Нико, по поводу вполне себе жизнеспособности дженанга Чакрасамвары вам уже ответили выше. По поводу компетентности Ламы Йонтена: ежу понятно, что если вы хотите практиковать передачи линии *Гелуг*, то вам лучше будет учиться у Ело Ринпоче, но, если вы хотите практиковать передачи линии *Джонанг*, компетентнее Ламы Йонтена вам не найти не только в России, но и вообще за пределами Индии и Тибета.

----------

Говинда (15.12.2015)

----------


## Tashi_Tsering

> Дженанги же этих божество вообще не даются


Даются. Например есть ринчжунг гьяца — цикл из нескольких сотен посвящений, среди которых есть и Чакрасамвара и Калачакра и множество других. Есть и другие аналогичные циклы: бари гьяца и др. 

Чжадо Ринпоче этим летом в СПб давал дженанг Чакрасамвары из ринчжунг гьяца. Процесс занял около часа.
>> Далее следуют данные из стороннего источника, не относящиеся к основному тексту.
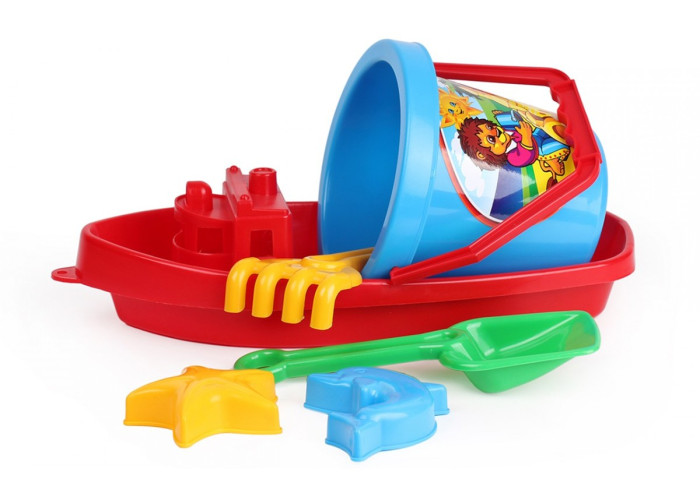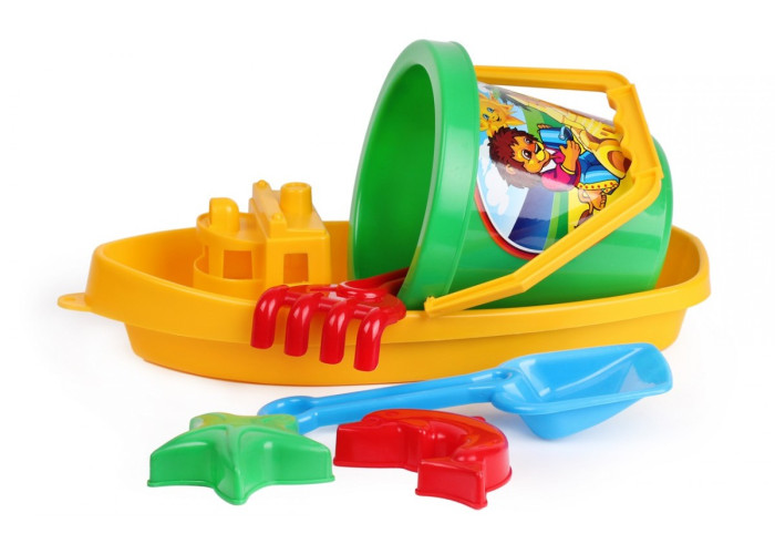 Набір з кораблика, відерка з яскравим малюнком, лопаток, грабельок та 2 формочок для піску.
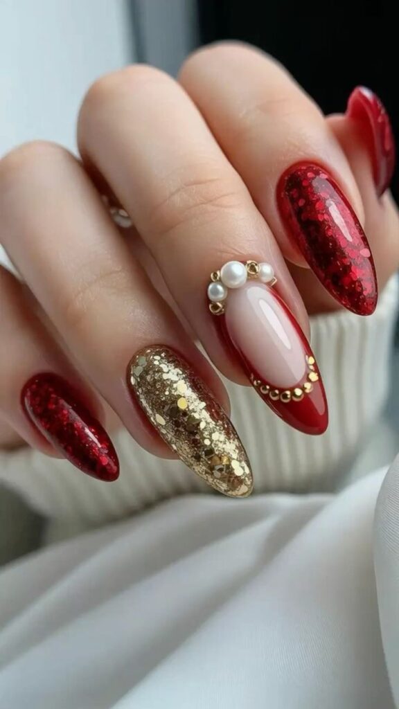 - Burgundy – χρυσά στρας: ιδανικός συνδυασμός για ένα πιο χειμερινό, πολυτελές look, όπως φαίνεται και στα trends του Winter toe nails 2025-2026.
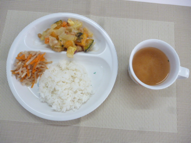 今日の給食は「ごはん」と「かき揚げ」と「もやしのナムル」と「味噌汁」
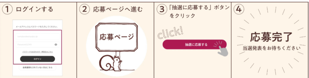 当選発表はメールで届くので、事前に登録を完了させておいてください。
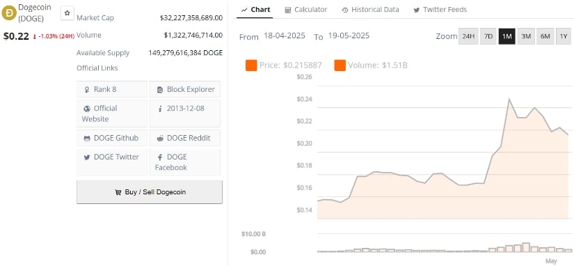 Dogecoin (DOGE) is trading at around $0.22, down 1.03% in the last 24 hours at press time. Source: Brave New Coin
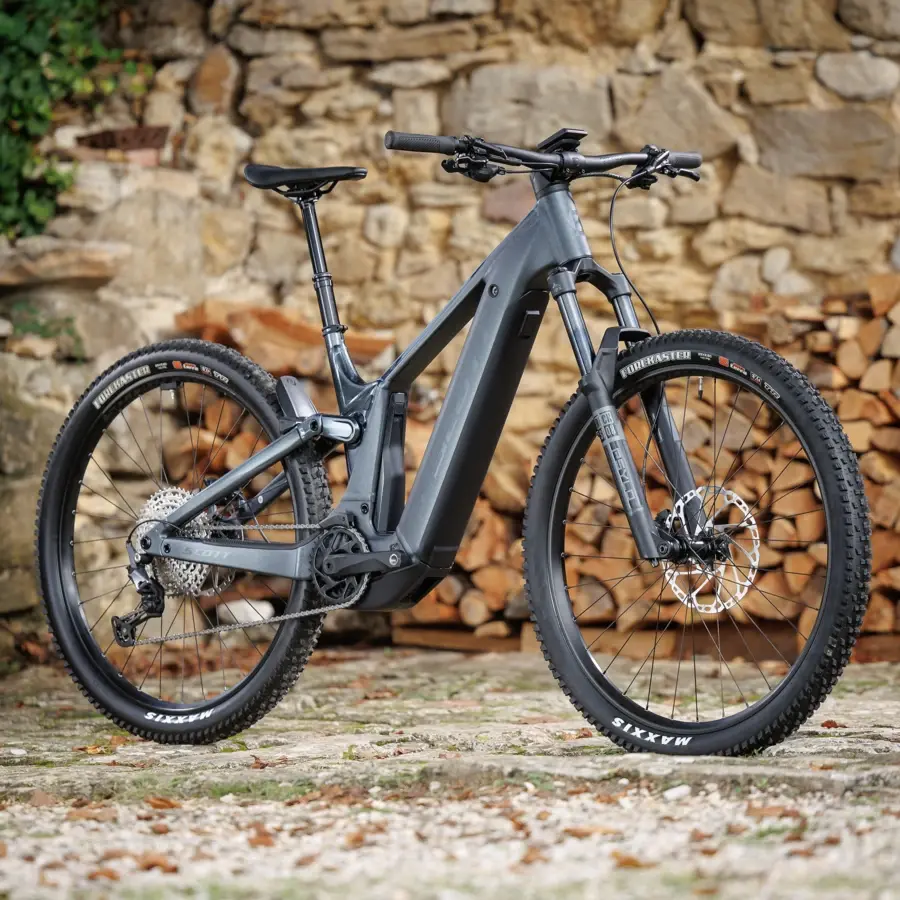 A Bicicleta Elétrica SCOTT Patron 920 tem suspensões RockShox Psylo, X-Fusion Nude e Transmissão Shimano Deore de 12 velocidades e Travões de disco Shimano.

Вот тут Чжадо Ринпоче коротенько рассказывает про этот цикл (с переводом на англ.):

https://youtu.be/MaxJJ8nx7bs

----------

Владимир Николаевич (15.12.2015), Нико (15.12.2015), Цхултрим Тращи (15.12.2015), Чагна Дордже (15.12.2015)

----------


## Нико

> Даются. Например есть ринчжунг гьяца — цикл из нескольких сотен посвящений, среди которых есть и Чакрасамвара и Калачакра и множество других. Есть и другие аналогичные циклы: бари гьяца и др. 
> 
> Чжадо Ринпоче этим летом в СПб давал дженанг Чакрасамвары из ринчжунг гьяца. Процесс занял около часа.
> 
> Вот тут Чжадо Ринпоче коротенько рассказывает про этот цикл (с переводом на англ.):
> 
> https://youtu.be/MaxJJ8nx7bs


Хорошо, если Чжадо Ринпоче даёт-таки. Я ориентируюсь на таких больших учителей, как ЕС Далай-лама и ЕС Богдо-геген Ринпоче, которые никогда не давали дженанги основных божеств Ануттарайога-тантры.

----------


## Tashi_Tsering

> Хорошо, если Чжадо Ринпоче даёт-таки. Я ориентируюсь на таких больших учителей, как ЕС Далай-лама и ЕС Богдо-геген Ринпоче, которые никогда не давали дженанги основных божеств Ануттарайога-тантры.


Кунделинг Ринпоче, который также летом был у нас, получал ринчжунг гьяца от Его Св-ва (он нам тут дал четыре дженанга из этого цикла). Кирти Ценшаб Ринпоче в свой второй визит (2003?) давал дженанг Калачакры (в первый визит был ванг, а во второй именно дженанг).

----------

Владимир Николаевич (15.12.2015), Нико (15.12.2015), Цхултрим Тращи (15.12.2015)

----------


## Нико

> Кунделинг Ринпоче, который также летом был у нас, получал ринчжунг гьяца от Его Св-ва (он нам тут дал четыре дженанга из этого цикла). Кирти Ценшаб Ринпоче в свой второй визит (2003?) давал дженанг Калачакры (в первый визит был ванг, а во второй именно дженанг).


Уговорили))). Значит, мне в Индии везло меньше).

----------


## Ometoff

> Напишите в центр, там вам обо всём расскажут: jonangpa@mail.ru


Спасибо - написал, буду ждать ответа. Попутный вопрос ко всем - кто может ответить чем дженанг отличается от ванга? Дженанг это я так понял короткое или неполное посвящение или благословение? даёт ли дженанг право на чтение садханы конкретного божества?

----------


## Нико

> Спасибо - написал, буду ждать ответа. Попутный вопрос ко всем - кто может ответить чем дженанг отличается от ванга? Дженанг это я так понял короткое или неполное посвящение или благословение? даёт ли дженанг право на чтение садханы конкретного божества?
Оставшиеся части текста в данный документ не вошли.